Им оказался совсем молодой парнишка лет шестнадцати, до предела изможденный и синюшный. Впрочем, он сразу же приоткрыл глаза, как только Равиль шевельнулся.
— Возьми, — прошептал он потрескавшимися губами.
И подсунул в руку Равилю консервную банку без крышки. Равиль принял ее и несколько воспрянул духом, потому что его собственную миску отобрали при входе в барак конвойные, сказав, что больше она ему не понадобится.
— Вода… — в бреду продолжал тот. — Вода… Ее приносят в ведре… Смотри…
— Да, хорошо, — кивнул ему Равиль, подставляя плечо так, чтобы тому было удобнее. — Я принесу тебе воды. Держись. А сколько ты уже здесь? Как тебя зовут?

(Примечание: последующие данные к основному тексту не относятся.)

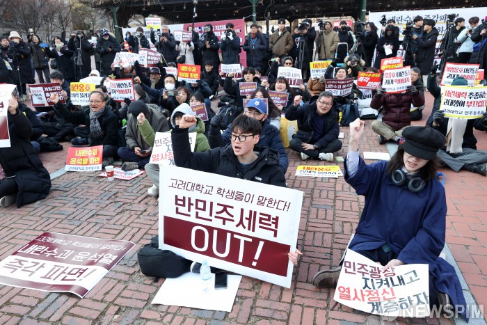 [서울=뉴스핌] 정일구 기자 = 21일 오후 서울 성북구 고려대학교에서 윤석열 퇴진 긴급 고려대 행동을 준비하는 학생들 주최로 열린 윤석열 대통령 퇴진 촉구 집회에서 참가자들이 구호를 외치고 있다. 2025.02.21 mironj19@newspim.com
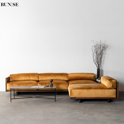 Nordic Modern Multi Seater Fabric Sofa Solid Walnut Wood Frame Designer Style for Living Room and Homestay Suitable for Small Apartment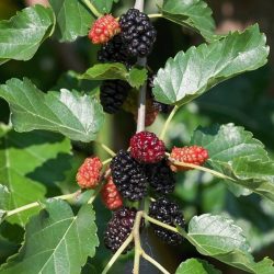 Morus (Morus nigra) Trnava ist eine der beliebtesten Sorten wegen ihrer großen schwarzen Früchte (3-5cm) mit hohem Kohlenhydratgehalt. Sie reift allmählich, ab der zweiten Julihälfte bis August. Sie hat dunkelrote bis schwarze Früchte. Der Baum ist von schwächerer Statur.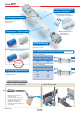 Serie ZFC Konstruktion Stückliste Pos. 1 2 3 4 5 Beschreibung Material Gehäuse Polycarbonat (Bestelloption: Polyamid) Deckel PBT Filterelement gesinterter Kunststoff Dichtung HNBR PBT Befestigungselement Anzahl 1 2 1 2 1 OUT Steckverbindungen e Bestell-Nr. Ersatz-Filterelement Bestell-Nr. Verwendbares Filtermodell Größe des Filterelements ZFC-EL-3 ZFC5 ø12 x ø8 x L20 ZFC-EL-4 ZFC7 ø16 x ø12 x L25 Lieferumfang 10 Stk. 10 Stk. r w q t IN Austausch des Filterelements Vorgehensweise 1.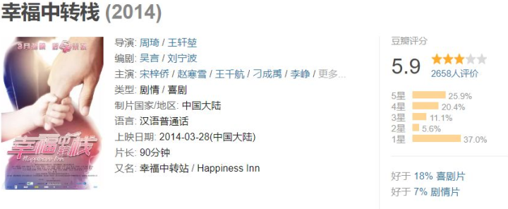 比如这部《幸福中转栈》,2658个人打分,但是只有43条短评和2条长评,且绝大多数为1星或2星,高达25.9%的5分率,参考意义怎么看都不是特别大。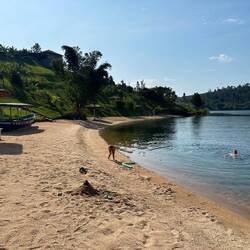 Hier am Mutanda-See, nördlich von Kisoro, fühlt sich alles ein bisschen wie ein heimliches kleines Paradies an. Schon die Anfahrt ins Community-Eco-Camp ist abenteuerlich – ein holpriger Weg, bei dem wir uns mehrmals fragen, ob wir wirklich richtig sind. Doch als wir schließlich am Ufer stehen, direkt einen Meter vom See entfernt, wissen wir, genau hier wollen wir sein. Einfach, basic, aber unglaublich herzlich und mit jedem Übernachtungsgast wird die lokale Community unterstützt.
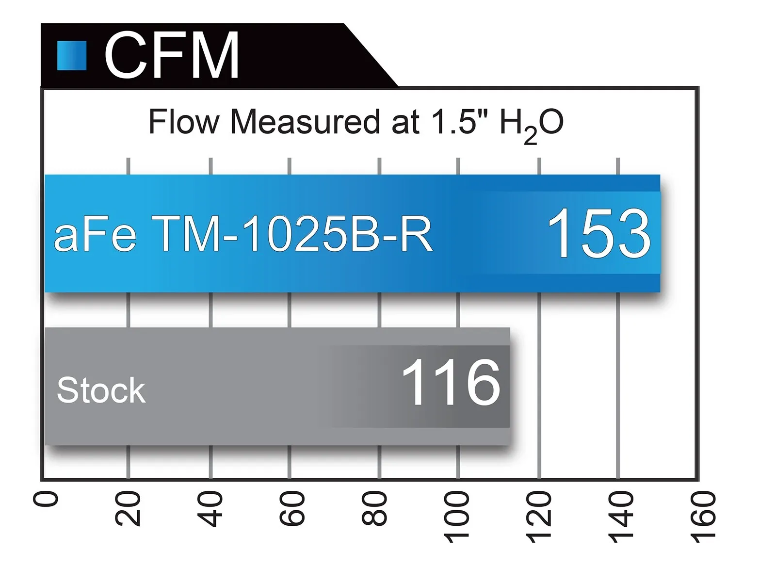 Dyno Tuned Intake Tube: This system uses a high quality plastic CAD designed, dyno-tuned, intake tube to achieve maximum power gains while maintaining a perfect fit. This intake outflows the factory intake by 35% and produced +14 HP and +16 lbs. x Ft. of Tq. on our in-house Dyno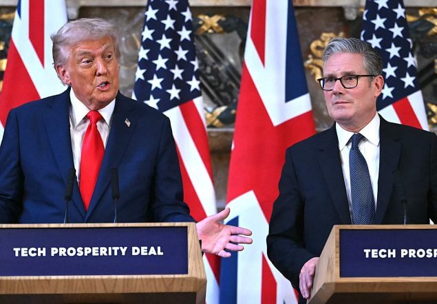 US-Präsident Donald Trump (l.) und Premierminister Keir Starmer (r.) bei einer Pressekonferenz in Chequers, Aylesbury, während Trumps zweitem Staatsbesuch im Vereinigten Königreich.APA/AFP/ANDREW CABALLERO-REYNOLDS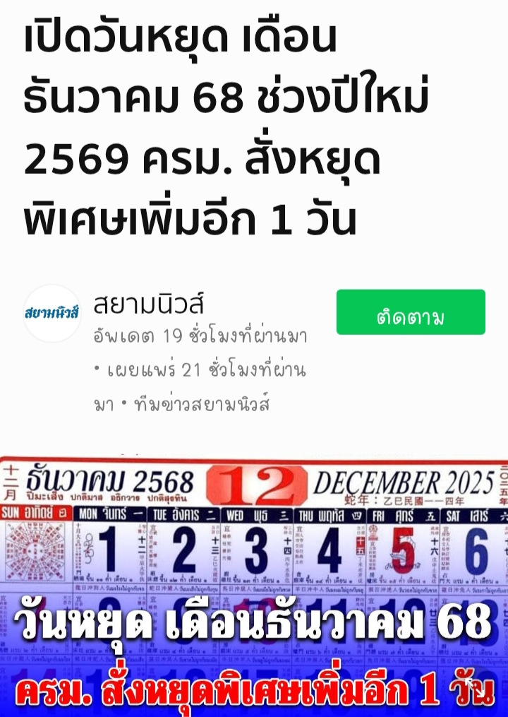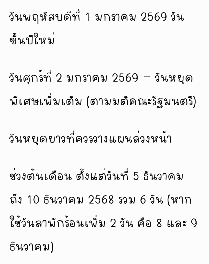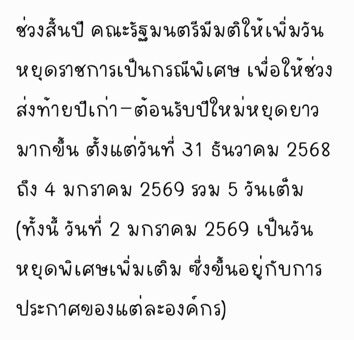 ข่าวดี!!! เพิ่มวันหยุดพิเศษช่วงปีใหม่เพิ่มอีก 1 วัน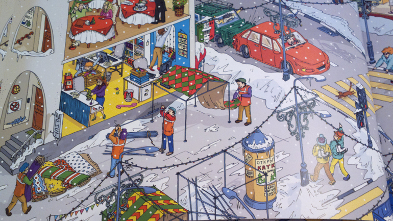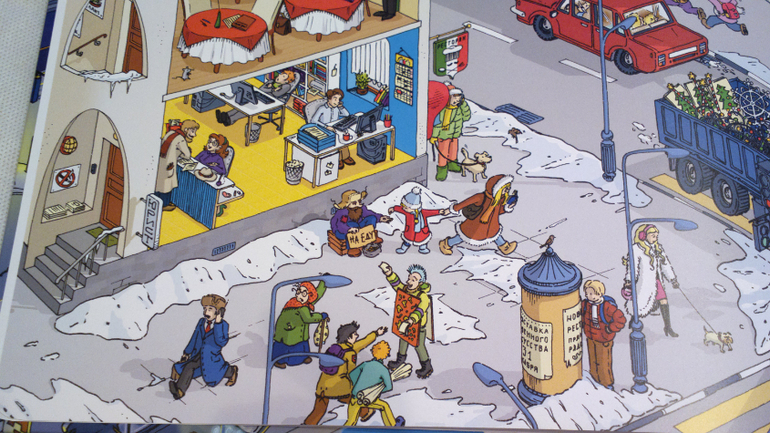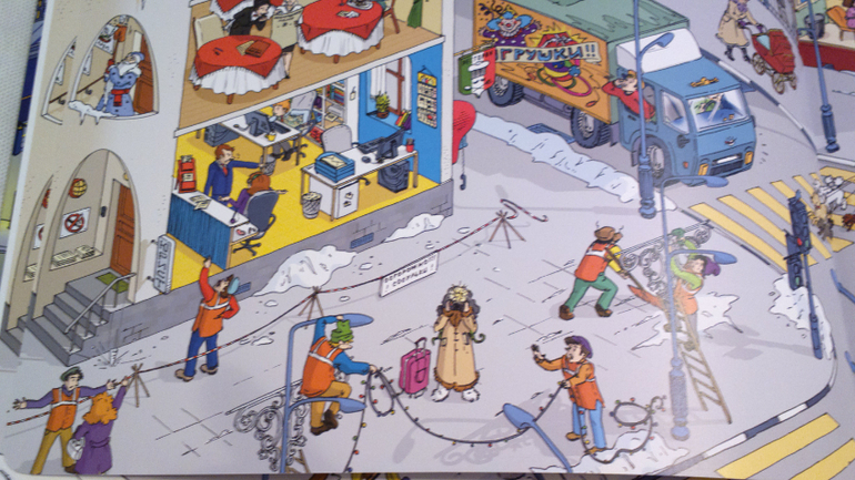 На каждом развороте перед нами предстает городок, жители которого готовятся к празднику.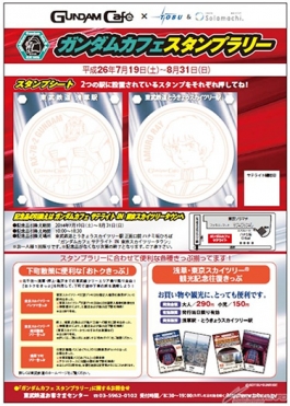Pick up a blank sheet on most Tobu lines (except Tojo and Ogose lines, and some stations on other lines), get it stamped at Asakusa Station and Tokyo Sky Tree Station, then bring it to Gundam Café Satellite for original Gundam Café stickers and a drink coupon! (Offer limited to first 10,000 participants)

Он хотел немного расшевелить своего соседа беседой и вселить в него хоть какую-то слабую надежду.
— Адам… — пробормотал парень, проигнорировав первый вопрос. — Пить…

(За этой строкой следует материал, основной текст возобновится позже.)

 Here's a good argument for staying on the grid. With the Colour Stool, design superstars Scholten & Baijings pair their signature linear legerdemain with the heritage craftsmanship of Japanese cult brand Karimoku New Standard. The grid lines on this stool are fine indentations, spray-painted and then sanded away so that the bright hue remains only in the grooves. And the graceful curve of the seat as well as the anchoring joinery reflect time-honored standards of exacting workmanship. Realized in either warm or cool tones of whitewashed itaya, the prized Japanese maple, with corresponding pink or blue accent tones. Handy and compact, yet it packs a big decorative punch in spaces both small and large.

Губы его совсем почернели, глаза запали. Равиль не знал, как долго держали в этом бараке людей, но неожиданно ему пришла в голову мысль, что это было место, где морили людей без воды и еды, чтобы они умирали сами. Запирали, и все, пока не умрут…
А потом принесли ведро воды.
Он было дернулся в ту сторону, сжав в кулаке консервную банку, но у дверей, где поставили ведро, возникла такая дикая свалка и драка, что он, опешив, остался на месте, наблюдая за устроенной узниками жесточайшей бойней.
Дело кончилось тем, что никто не попил. В общей драке ведро попросту опрокинули, и десятки узников, в остервенении расталкивая друг друга, бросились слизывать с грязных кирпичей быстро впитывающуюся в землю драгоценную влагу.
— Вода… — через несколько минут прошептал Адам, на миг приоткрыв глаза.
— Да, — сказал ему Равиль, — потерпи. Будет вода, я тебе клянусь. Потерпи! Главное — держись, не умирай!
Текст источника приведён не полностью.